- Data supplied
----

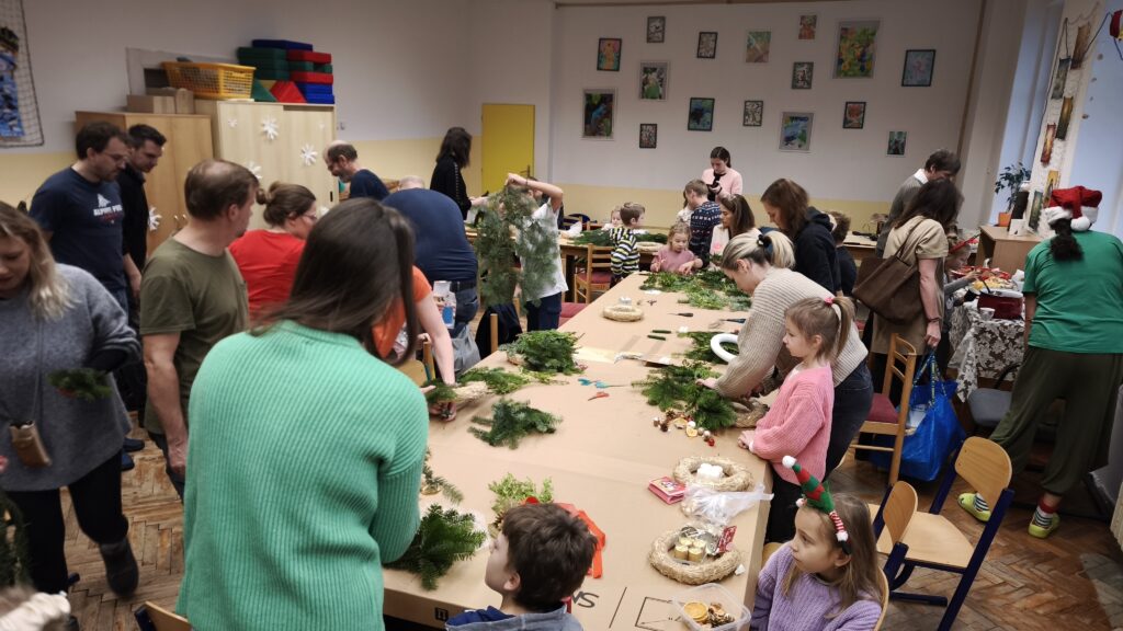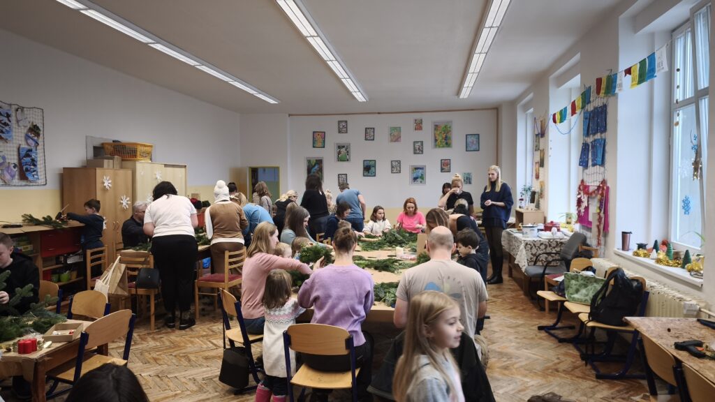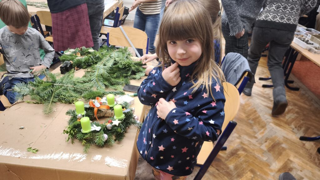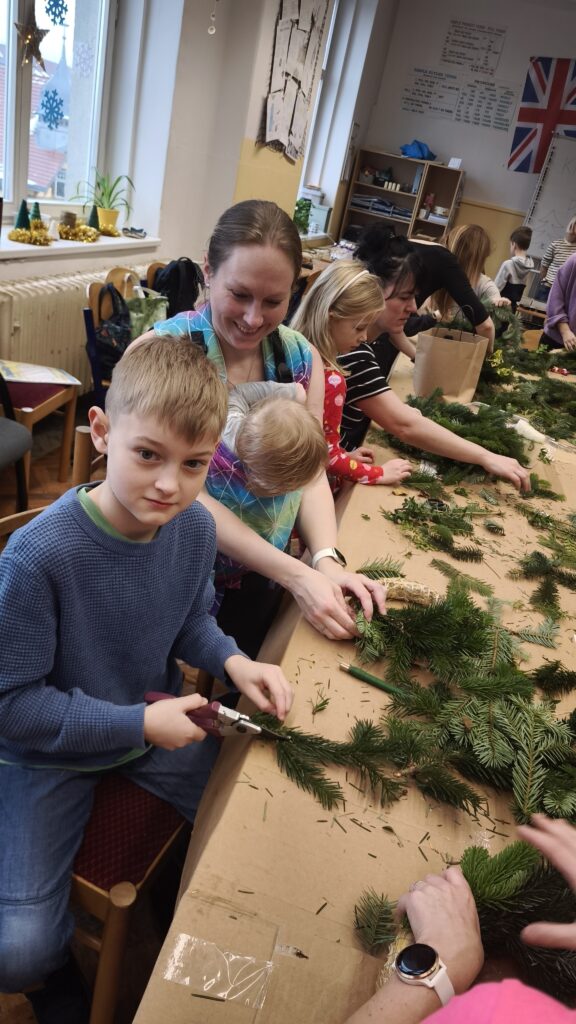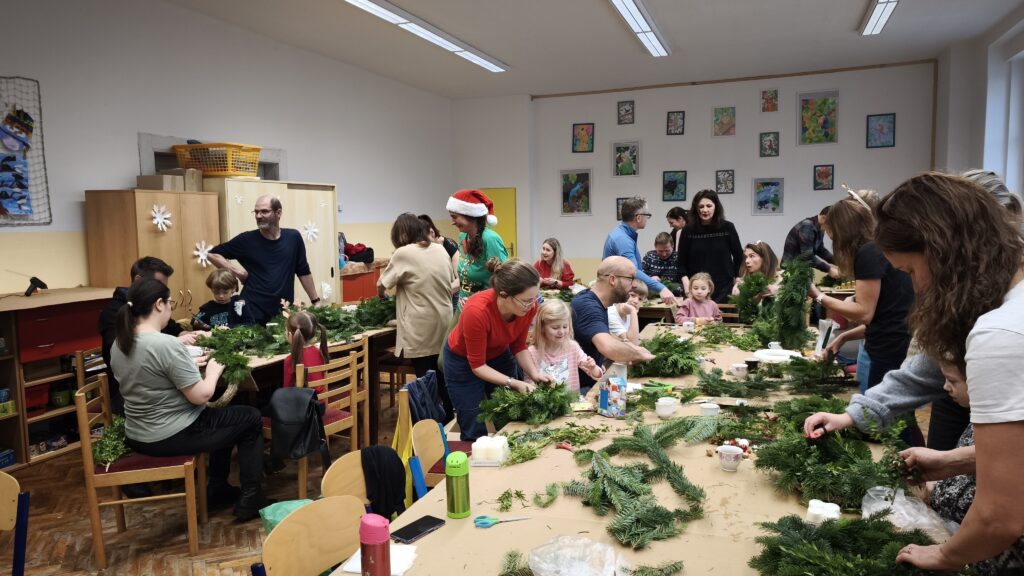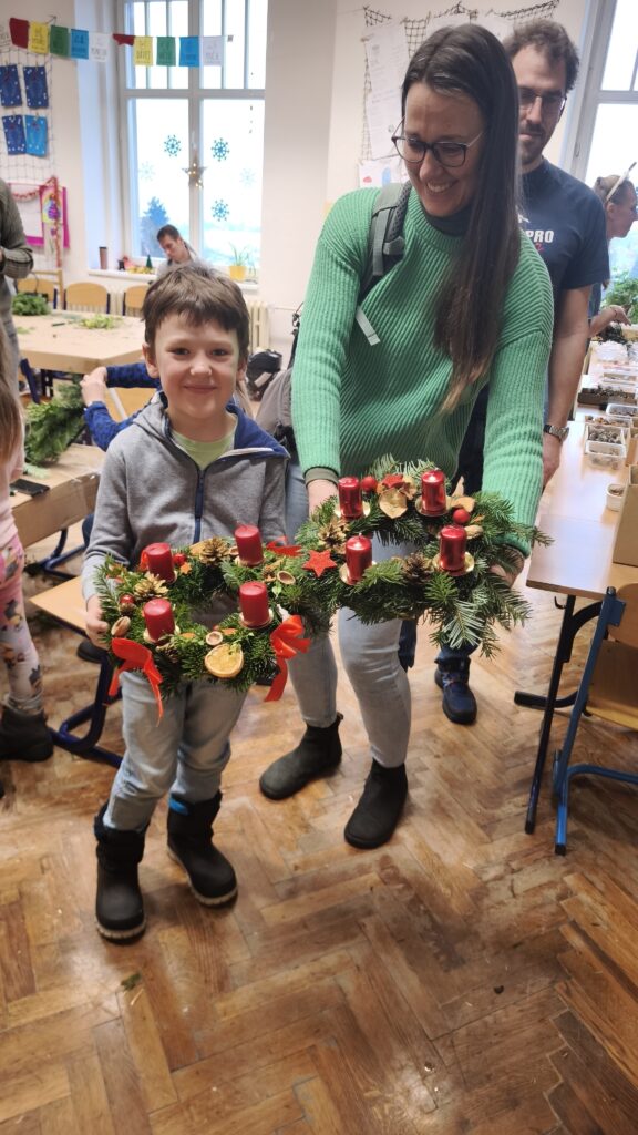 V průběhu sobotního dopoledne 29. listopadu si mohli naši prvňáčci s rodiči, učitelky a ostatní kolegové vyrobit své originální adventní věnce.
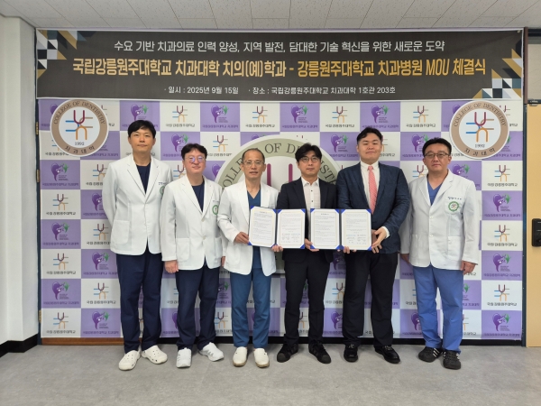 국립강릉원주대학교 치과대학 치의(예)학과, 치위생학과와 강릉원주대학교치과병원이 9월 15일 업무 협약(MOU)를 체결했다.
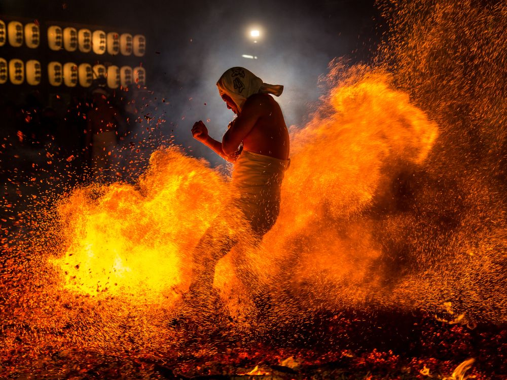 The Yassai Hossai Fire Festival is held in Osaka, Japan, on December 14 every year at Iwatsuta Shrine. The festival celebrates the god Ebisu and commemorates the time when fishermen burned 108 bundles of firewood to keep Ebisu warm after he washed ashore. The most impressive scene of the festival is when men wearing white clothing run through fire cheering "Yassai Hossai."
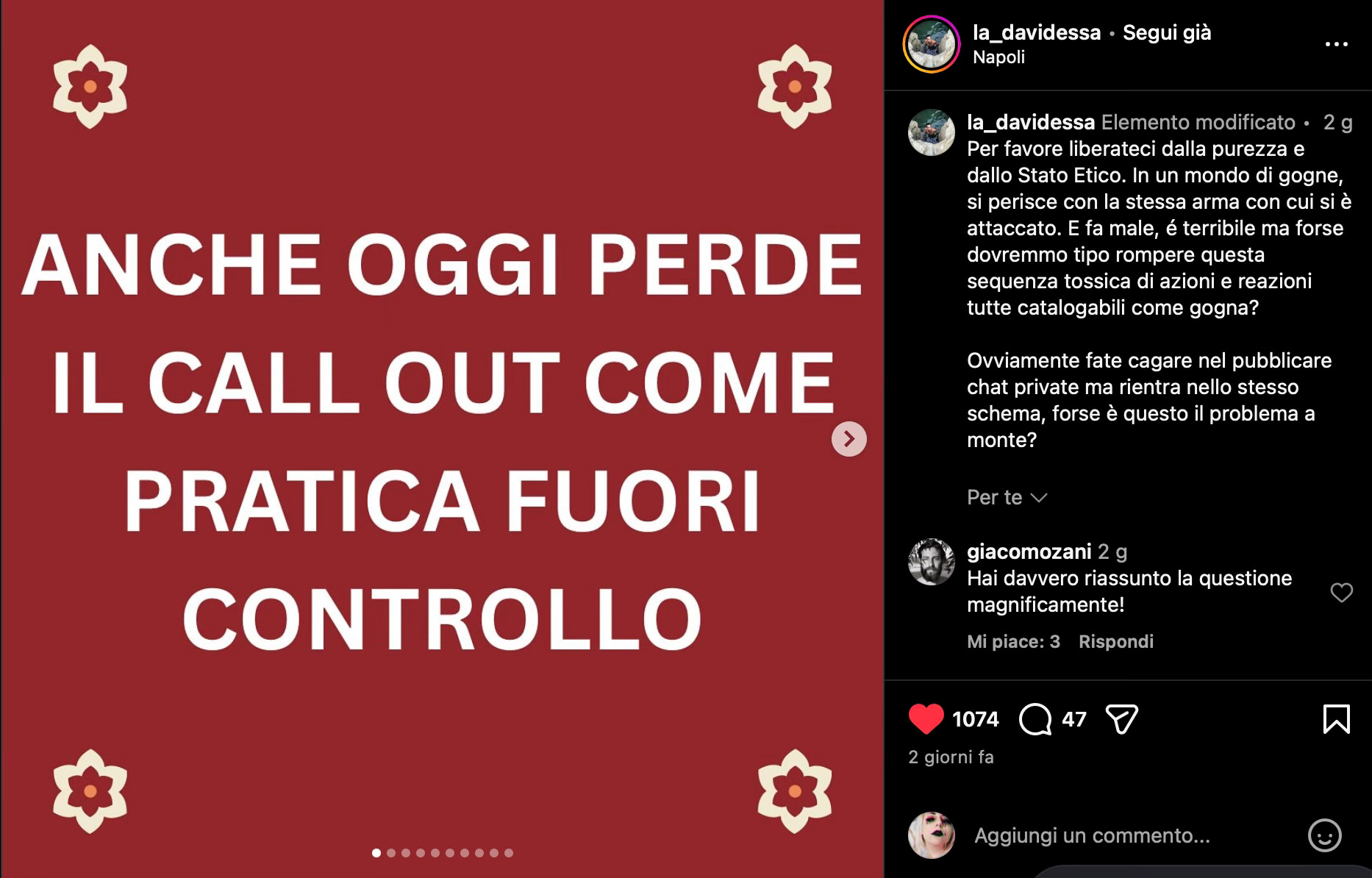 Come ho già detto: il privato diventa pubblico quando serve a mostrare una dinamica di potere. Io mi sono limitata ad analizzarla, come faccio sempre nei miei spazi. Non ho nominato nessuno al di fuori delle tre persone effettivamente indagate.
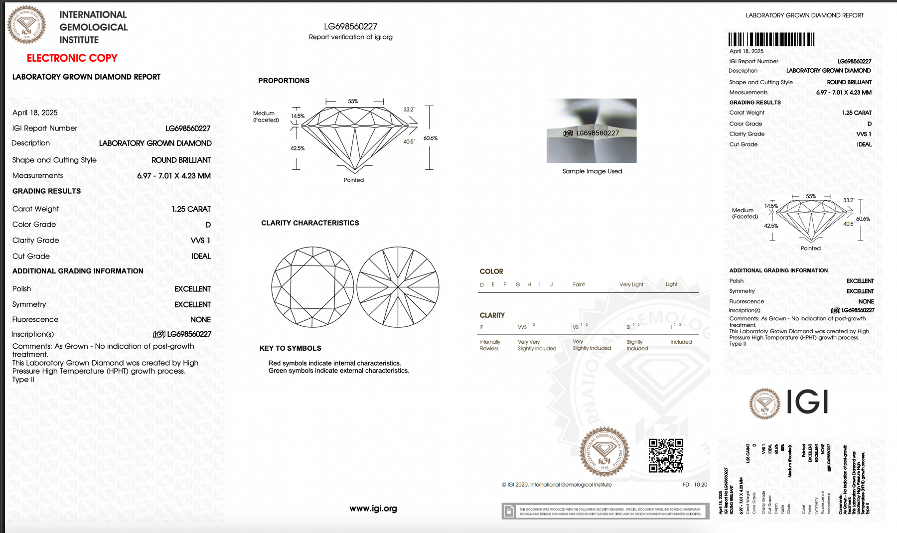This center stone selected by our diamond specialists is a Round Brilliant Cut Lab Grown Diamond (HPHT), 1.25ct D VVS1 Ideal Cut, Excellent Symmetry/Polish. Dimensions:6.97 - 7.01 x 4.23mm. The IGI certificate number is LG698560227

----

- Action item
Print all records word for word, no images.

- Result of this exercise
 V průběhu sobotního dopoledne 29. listopadu si mohli naši prvňáčci s rodiči, učitelky a ostatní kolegové vyrobit své originální adventní věnce.
 국립강릉원주대학교 치과대학 치의(예)학과, 치위생학과와 강릉원주대학교치과병원이 9월 15일 업무 협약(MOU)를 체결했다.
 The Yassai Hossai Fire Festival is held in Osaka, Japan, on December 14 every year at Iwatsuta Shrine. The festival celebrates the god Ebisu and commemorates the time when fishermen burned 108 bundles of firewood to keep Ebisu warm after he washed ashore. The most impressive scene of the festival is when men wearing white clothing run through fire cheering "Yassai Hossai."
 Come ho già detto: il privato diventa pubblico quando serve a mostrare una dinamica di potere. Io mi sono limitata ad analizzarla, come faccio sempre nei miei spazi. Non ho nominato nessuno al di fuori delle tre persone effettivamente indagate.
This center stone selected by our diamond specialists is a Round Brilliant Cut Lab Grown Diamond (HPHT), 1.25ct D VVS1 Ideal Cut, Excellent Symmetry/Polish. Dimensions:6.97 - 7.01 x 4.23mm. The IGI certificate number is LG698560227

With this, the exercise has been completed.